Оказалось, что это совсем недалеко. После непродолжительных поисков путники снова выбрались на хоженую дорогу. На краю её сидел на высоком пне человек. Он был одет, как небедный путник и держал в руках резной посох. Светился же небольшой костерок, разложенный у самых ног незнакомца. Тот же словно заснул, опустив голову в широкой шляпе.
— Ты спишь, что ли, добрый человек? — спросил Долбер.
От человеческого голоса тот пришёл в движение, слегка выпрямился, и глазам открылось лицо — ни молодое и ни старое, а как будто то и другое вместе. Борода кудрявая, а волосы пышные.
— И кто ко мне пожаловал? — спросил незнакомец.

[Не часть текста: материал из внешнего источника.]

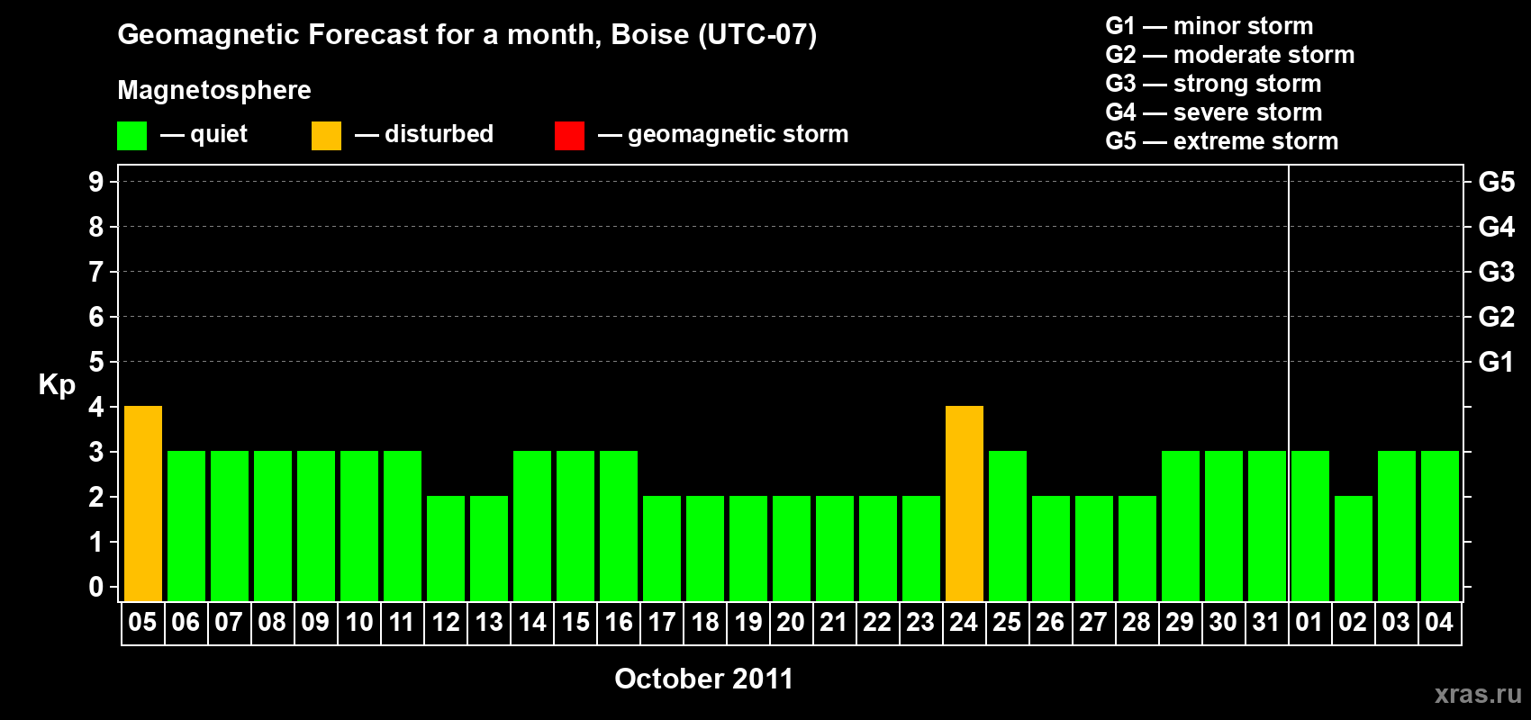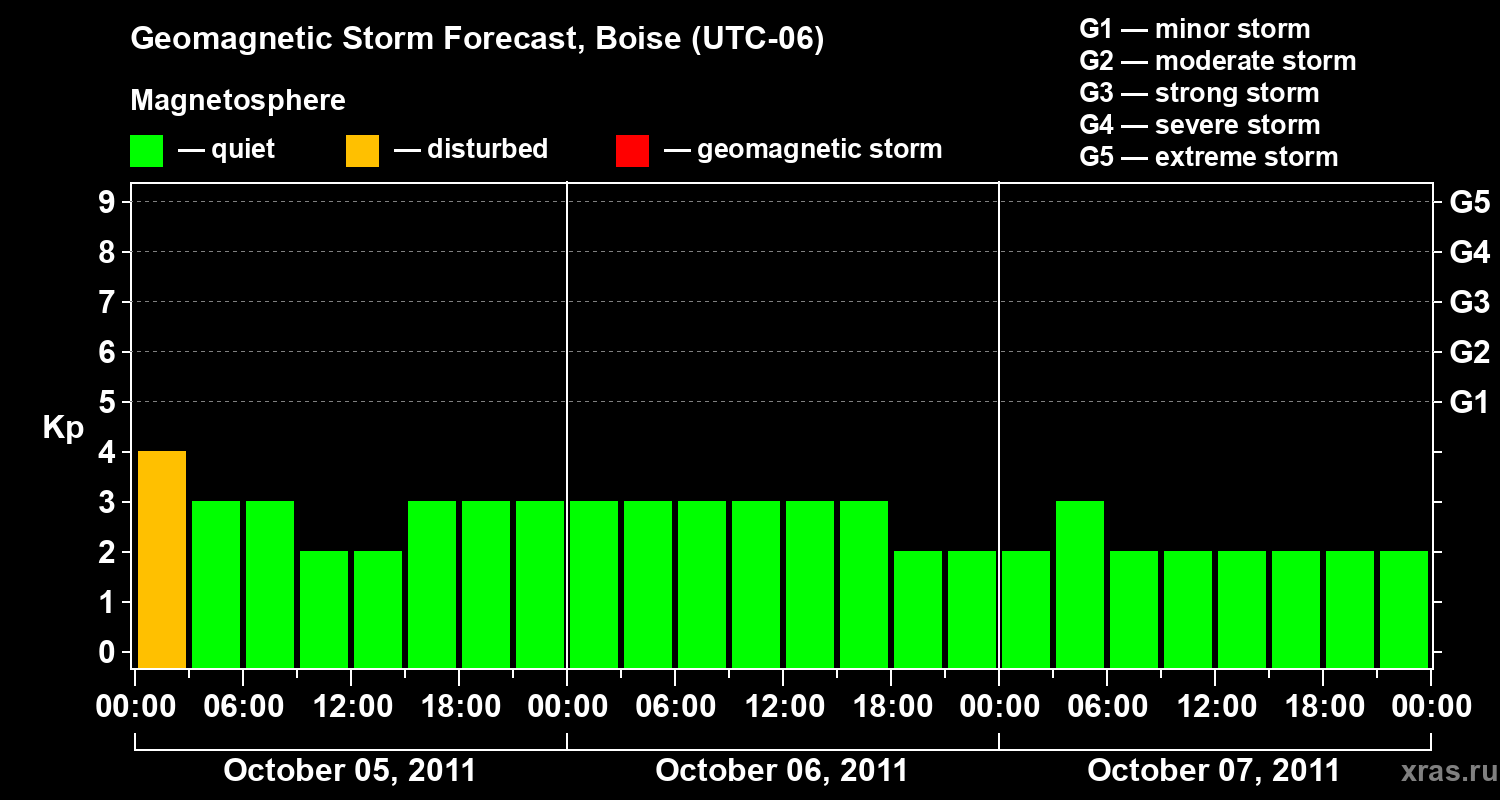 Geomagnetic storm forecast in Boise for Oct 05, 2011

Он оглядел весёлыми глазами троих путников, и остановился на Долбере.
— Чего хочешь, человек? — спросил он.
— Мы заблудились. — ответил Лён.
Человек искоса глянул на него и снова обратился к Долберу — понравился тот ему.
— Нет, мы ищем, где переночевать. — заявил Кирбит и получил в ответ недовольный взгляд.

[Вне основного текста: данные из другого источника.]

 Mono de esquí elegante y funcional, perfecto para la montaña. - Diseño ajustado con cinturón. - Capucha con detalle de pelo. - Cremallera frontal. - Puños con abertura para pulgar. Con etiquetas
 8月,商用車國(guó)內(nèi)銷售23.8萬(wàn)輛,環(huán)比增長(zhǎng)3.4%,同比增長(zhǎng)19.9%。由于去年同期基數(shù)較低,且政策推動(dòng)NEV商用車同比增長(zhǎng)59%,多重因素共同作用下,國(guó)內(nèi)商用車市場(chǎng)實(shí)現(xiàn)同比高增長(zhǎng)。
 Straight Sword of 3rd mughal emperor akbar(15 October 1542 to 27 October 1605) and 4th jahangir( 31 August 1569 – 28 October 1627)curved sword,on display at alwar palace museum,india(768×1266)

— Переночевать они ищут. — недовольно заявил незнакомец. — А я вот на пне ночую и не жалуюсь.
— Прости добрый человек, мне совет нужен. — неожиданно сказал Долбер. — У царя дочь украли из дворца. Унесло её чёрное облако. И я хочу сыскать царевну.
Кирбит ткнул Лёна в бок локтём: ну, что я говорил?

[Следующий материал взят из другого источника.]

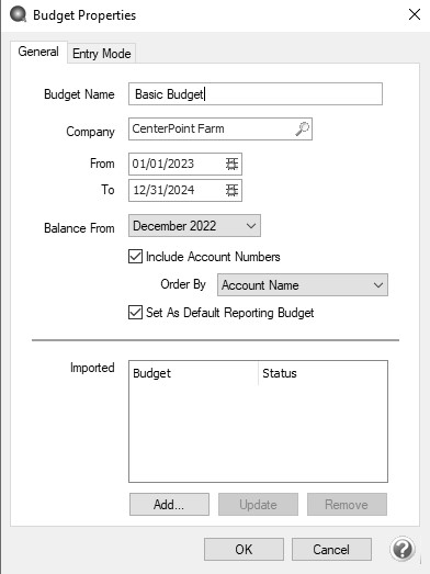 CenterPoint Accounting has a variety of options available in budgeting. These tools can be used to create anything from a basic budget to a budget that does "if - then" computing. In this example, we'll be setting up a budget for revenue and expense accounts but also offsets to cash. This type of a budget will help you track your cash flow flow for the year and assist in planning the need for operating loans.
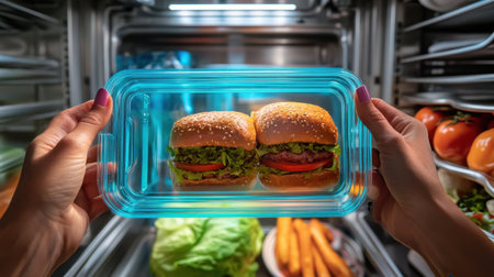 Two sliders resting in a glass container showcase a vibrant and healthy meal option, highlighting fresh ingredients surrounded by colorful vegetables in a refrigerator.

— Знаю я, о чём ты говоришь. — кивнул человек своей большой шляпой. — Ох, царь — лихая голова, ни за что, ни про что дитя своего лишился. Ладно, путники, ночь недолга, до утра рукой подать. Куда вам спешить — садитесь, разговорами потешимся.
Долбер тут же уселся у пенька, на котором сидел странный человек, а остальным уж поневоле пришлось располагаться тут же и слушать сказку — идти-то всё равно ночью никуда нельзя.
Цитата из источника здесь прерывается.